Information provided —
□ □ □ □ □

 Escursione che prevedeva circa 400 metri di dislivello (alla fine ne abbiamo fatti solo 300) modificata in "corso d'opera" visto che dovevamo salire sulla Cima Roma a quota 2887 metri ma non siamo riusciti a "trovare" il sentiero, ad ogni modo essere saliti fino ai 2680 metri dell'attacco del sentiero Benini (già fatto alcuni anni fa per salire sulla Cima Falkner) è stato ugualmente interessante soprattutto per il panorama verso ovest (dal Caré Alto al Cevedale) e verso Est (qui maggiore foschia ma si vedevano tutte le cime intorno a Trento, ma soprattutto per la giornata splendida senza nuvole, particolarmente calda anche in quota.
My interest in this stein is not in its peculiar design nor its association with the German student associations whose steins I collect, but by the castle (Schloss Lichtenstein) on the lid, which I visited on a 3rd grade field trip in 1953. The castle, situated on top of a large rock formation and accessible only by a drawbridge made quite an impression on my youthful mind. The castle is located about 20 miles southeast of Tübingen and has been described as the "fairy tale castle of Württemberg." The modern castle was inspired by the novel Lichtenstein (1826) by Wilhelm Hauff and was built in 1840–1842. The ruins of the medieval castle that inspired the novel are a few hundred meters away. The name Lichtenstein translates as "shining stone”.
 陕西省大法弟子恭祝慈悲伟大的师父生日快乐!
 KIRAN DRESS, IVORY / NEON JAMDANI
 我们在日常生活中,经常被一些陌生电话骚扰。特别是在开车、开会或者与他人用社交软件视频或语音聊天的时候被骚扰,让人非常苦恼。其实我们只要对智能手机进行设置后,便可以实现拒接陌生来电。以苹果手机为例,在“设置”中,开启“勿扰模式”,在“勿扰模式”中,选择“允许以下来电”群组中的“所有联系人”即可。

□ □ □ □ □

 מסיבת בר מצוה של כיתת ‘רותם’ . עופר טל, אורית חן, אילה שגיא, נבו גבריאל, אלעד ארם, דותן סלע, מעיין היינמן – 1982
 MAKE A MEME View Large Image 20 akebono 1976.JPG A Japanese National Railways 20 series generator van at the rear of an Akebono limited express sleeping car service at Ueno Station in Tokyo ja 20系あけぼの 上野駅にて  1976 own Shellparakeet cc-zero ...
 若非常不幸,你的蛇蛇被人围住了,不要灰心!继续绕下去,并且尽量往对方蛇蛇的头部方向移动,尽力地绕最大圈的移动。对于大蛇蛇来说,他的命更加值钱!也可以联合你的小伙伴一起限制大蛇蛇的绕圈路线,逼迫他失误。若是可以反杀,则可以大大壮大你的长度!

□ □ □ □ □

About this exercise — In your answer, include only the lines above starting at the line that holds "Escursione che prevedeva" and ending at the line that holds "我们在日常生活中,经常被一些", copied exactly.

Response —
 Escursione che prevedeva circa 400 metri di dislivello (alla fine ne abbiamo fatti solo 300) modificata in "corso d'opera" visto che dovevamo salire sulla Cima Roma a quota 2887 metri ma non siamo riusciti a "trovare" il sentiero, ad ogni modo essere saliti fino ai 2680 metri dell'attacco del sentiero Benini (già fatto alcuni anni fa per salire sulla Cima Falkner) è stato ugualmente interessante soprattutto per il panorama verso ovest (dal Caré Alto al Cevedale) e verso Est (qui maggiore foschia ma si vedevano tutte le cime intorno a Trento, ma soprattutto per la giornata splendida senza nuvole, particolarmente calda anche in quota.
My interest in this stein is not in its peculiar design nor its association with the German student associations whose steins I collect, but by the castle (Schloss Lichtenstein) on the lid, which I visited on a 3rd grade field trip in 1953. The castle, situated on top of a large rock formation and accessible only by a drawbridge made quite an impression on my youthful mind. The castle is located about 20 miles southeast of Tübingen and has been described as the "fairy tale castle of Württemberg." The modern castle was inspired by the novel Lichtenstein (1826) by Wilhelm Hauff and was built in 1840–1842. The ruins of the medieval castle that inspired the novel are a few hundred meters away. The name Lichtenstein translates as "shining stone”.
 陕西省大法弟子恭祝慈悲伟大的师父生日快乐!
 KIRAN DRESS, IVORY / NEON JAMDANI
 我们在日常生活中,经常被一些陌生电话骚扰。特别是在开车、开会或者与他人用社交软件视频或语音聊天的时候被骚扰,让人非常苦恼。其实我们只要对智能手机进行设置后,便可以实现拒接陌生来电。以苹果手机为例,在“设置”中,开启“勿扰模式”,在“勿扰模式”中,选择“允许以下来电”群组中的“所有联系人”即可。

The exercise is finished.